Image seems to be filling the gap left when Powers went over to Marvel with Ultra, a new superhero book which, in issue #1, focuses entirely on three girlfriends having a night out. In fact, the cover and some scattered hints are all we have to suspect this is a superhero story at all, since the ladies mostly yammer on about their love lives before visiting an extremely phoney looking fortune teller who doesn’t recognize they’re famous but seems to know an awful lot about them. I like the uber-subtle approach the Luna Brothers are taking with this story. The market’s pretty glutted with stories that end with an “oh, by the way; he/she’s a superhero," and Ultra manages to break away from the pack. The art and production are eye-catching and distinctive, and the plot draws us in and leaves us thirsting for more.

So, what’s wrong with it? Well, the dialogue and characterization feel like a pretty desperate attempt by male writers to create a VERY female cast. It just doesn’t ring true. Also, the art style, while very nice and clean, may be just a touch too subtle for this story. When everything’s so mysterious, we need the artist to create a connection between audience and character a lot faster than this. I can almost see this being a re-written fill-in issue for Birds of Prey, but, without an prior story for this to follow, it’s hard to tell where things are going. I’m definitely going to pick up the next issue, but, for now, this first one’s just okay.

It’s gonna be hard for people to pick up The Watch: Casus Belli #2 for a number of reasons. First, it’s small press, so your shop may not even have it.
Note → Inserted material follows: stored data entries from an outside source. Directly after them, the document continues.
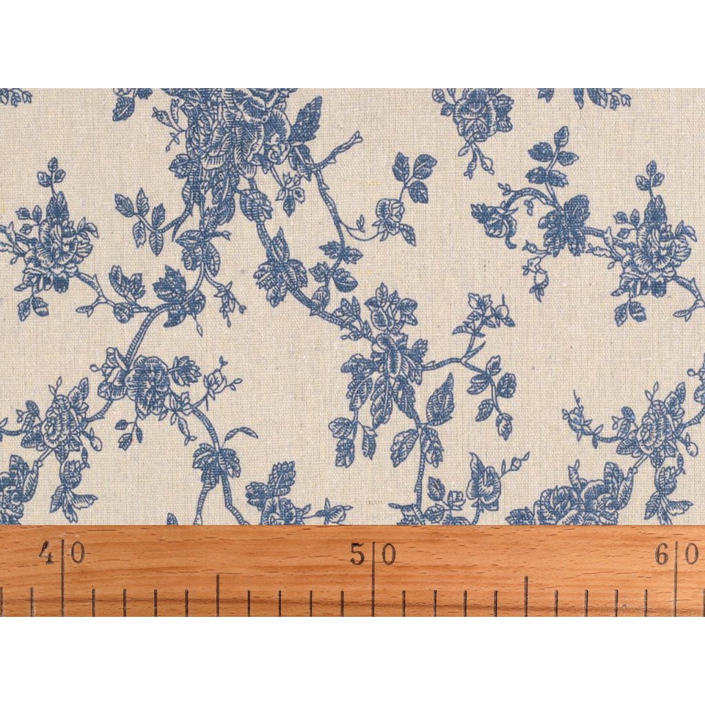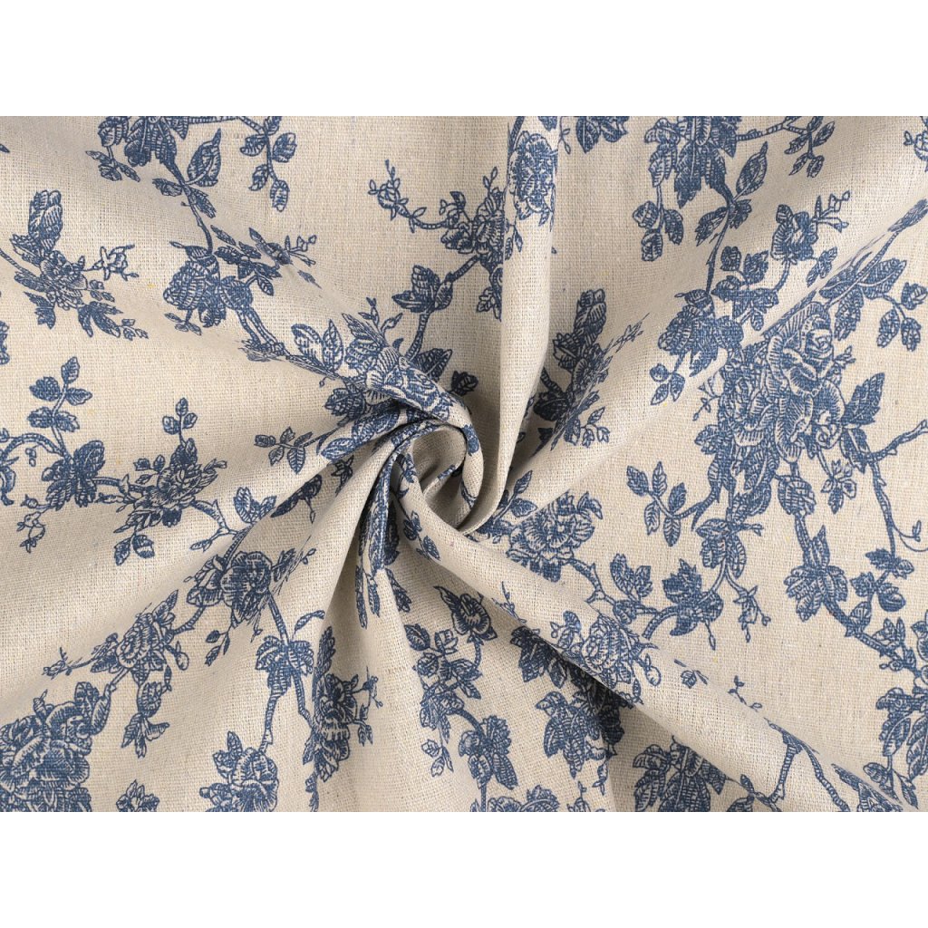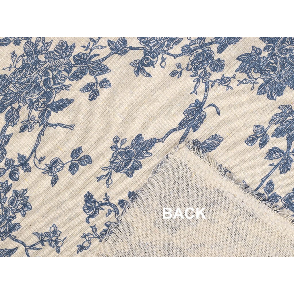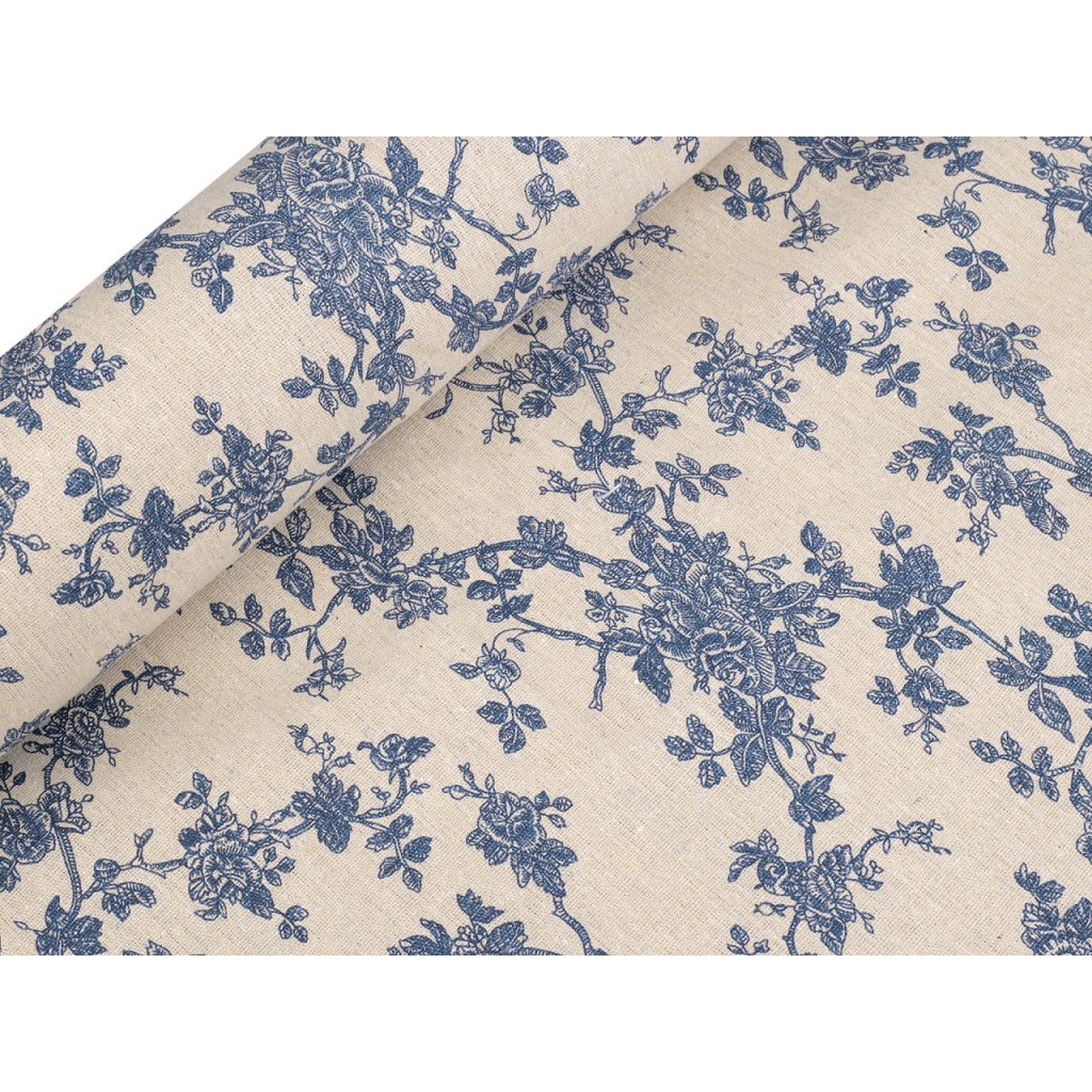 Der Stoff imitiert Leinen und ist mit einem Blumenmuster verziert. Sie können damit Tischläufer, Tischdecken, Dekokissen, Taschen, Kindertipis usw. nähen.
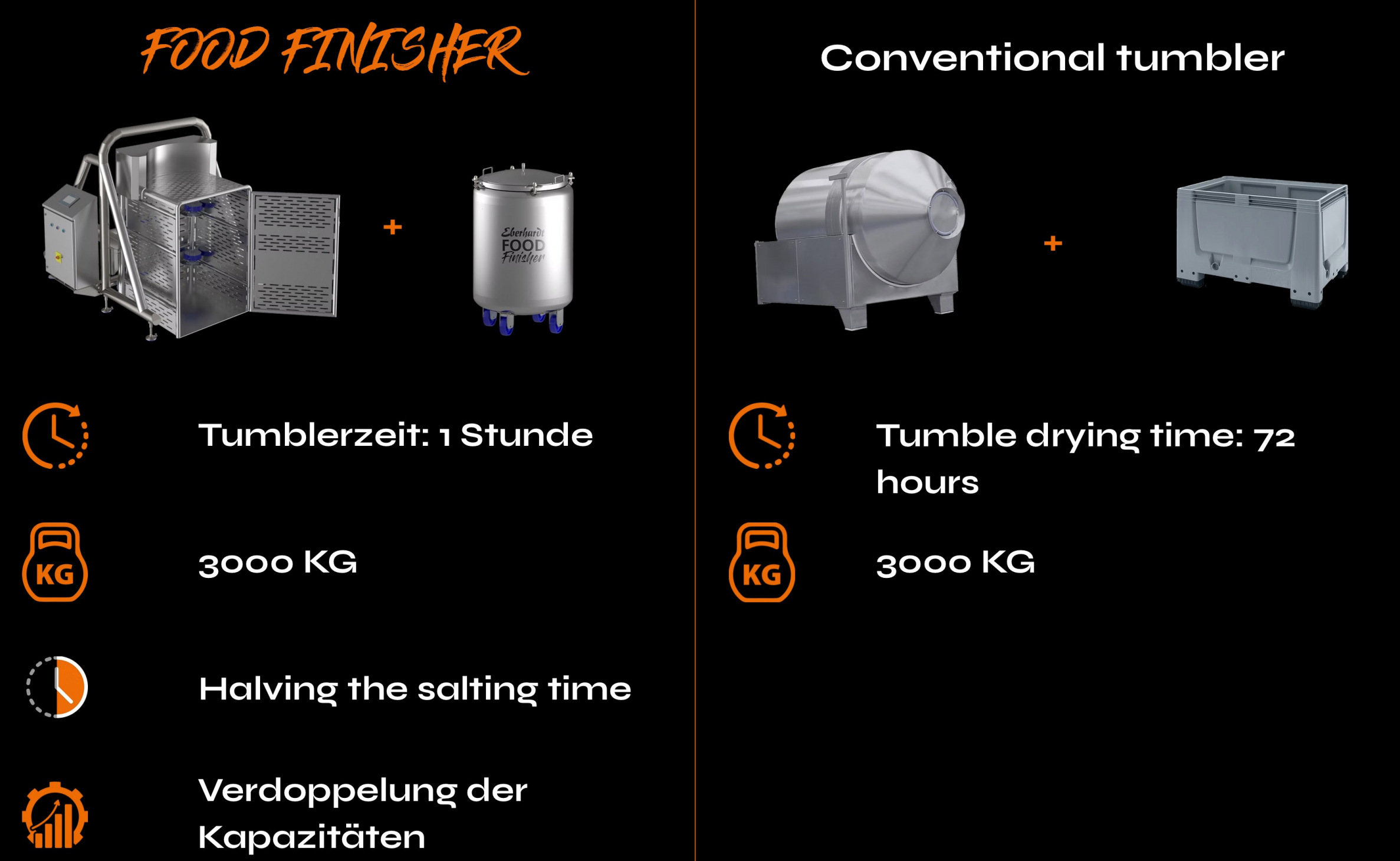 ☑️ 「FOOD FINISHER 子母式真空滾揉筒,採用開放式系統設計,可搭配可互換的不銹鋼 500 公升真空滾揉筒,它的裝填容量高達 85%。如此大的容量意味著即使在長時間停機期間,也無需重新裝料,可以使生產流程更加順暢無虞。」
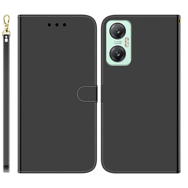 Estuche para Teléfono Infinix Hot 20 de Cuero con Superficie de Espejo Imitado (Negro)
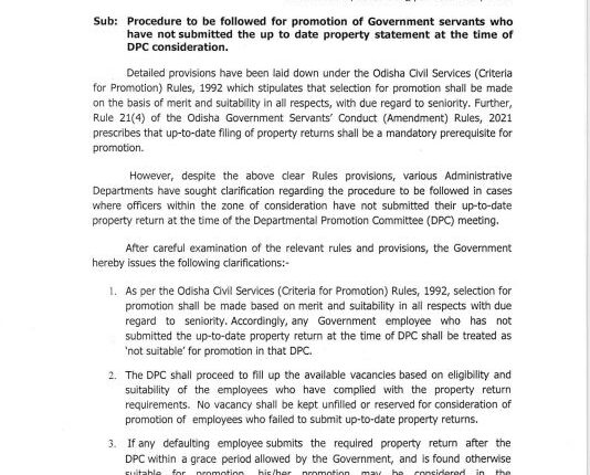 ସମ୍ପତ୍ତି ତାଲିକା ନଦେଲେ ପ୍ରମୋଶନ୍ ନାହିଁ: ସାଧାରଣ ପ୍ରଶାସନ ବିଭାଗ ପକ୍ଷରୁ ଚିଠି ଜାରି
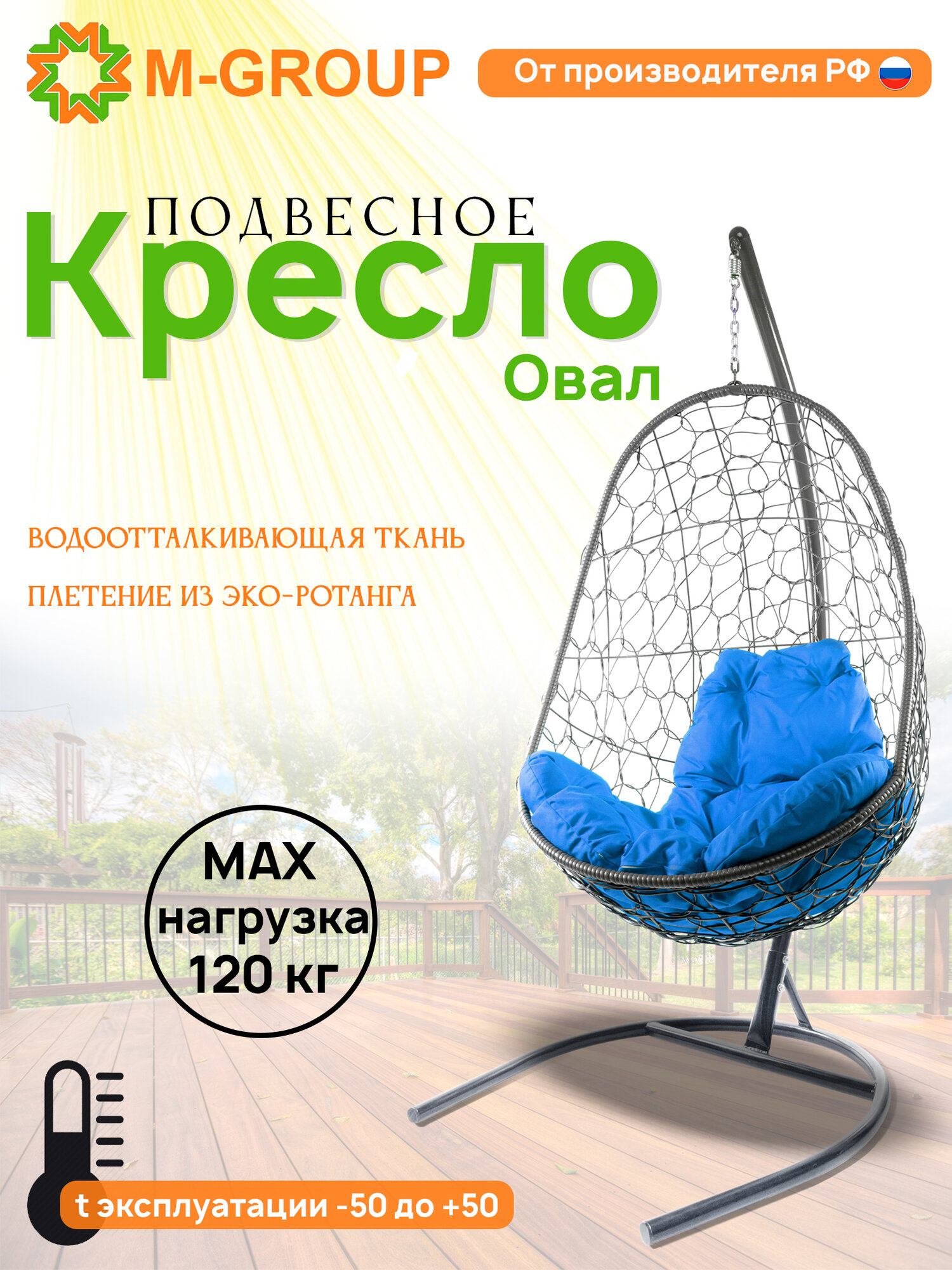 Подвесное кресло овал ротанг серое, синяя подушка: сравнение цен, характеристики, фото, актуальное наличие и цены.
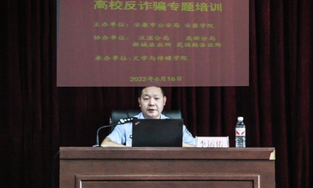 安康市反诈中心主任李运佑做反诈骗专题讲座。李运佑,全国刑事信息研判专家,从事公安刑侦工作24年,先后荣立个人二等功3次、三等功7次,其负责研发的有关系统和APP多次在国内获奖,具有深厚的理论功底和丰富的实践经验,被公安部聘为“全国刑事信息研判专家”和“全国打击电信网络诈骗犯罪能手”,多次给全国、全省、全市公安民警及多个部门进行授课。他在培训中主要就电信网络诈骗趋势特点、如何做到防诈识诈反诈、发现被骗后如何处置三方面为Beat365官网师生做详细解读。目前网络电信诈骗具有全球化、智能化、产业化、集团化趋势,具有低成本、高收益特点,要做到防诈骗、识诈骗、反诈骗,就要提高自我反诈意识,学习经典案例,了解诈骗团伙的作案手段。李运佑希望大家牢记:没有轻松赚钱的方法,不要轻易相信网络,遭遇诈骗要及时向公安机关求助,积极沟通,避免财产损失。
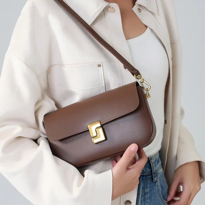 Küçük dikdörtgen formlu messenger çanta. Deri tasarımıyla lüks ve avangart bir stil sunuyor. Günlük şıklığınızı tamamlayacak özel bir tasarımcı parçası!

Second, it’s the third volume of The Watch, so you’ll probably be completely unfamiliar with the characters and setting. Third, this issue lacks the summary page the last issue had, so, unless you can find that first issue, you’re out of luck. Me? I read the first issue, and I’m still puzzled. From the looks of things, Phosphorescent Comics is hoping to lure you to their website so you can buy the back issues. It’s a smart plan, but I don’t think it’ll work too well.

We’ve basically got a massive superhero fight going on when a Magneto-type villain gathers the hordes from his island to attack China. The Watch go in to stop him and his cronies, and yet other villains pop-up. And then former Watch teammates pop-up. And another team of heroes is supposed to pop-up any minute now. Unfortunately, it’s all a big jumble. The fights are fun enough and the demonstrations of powers enjoyable, but it doesn’t play to any of the strengths of the mini-series format. I can appreciate that this crew has a limited operation going and would probably prefer doing an ongoing series to these minis, but the story is weak for the format and makes what could be a very enjoyable read a mediocre indie superhero book.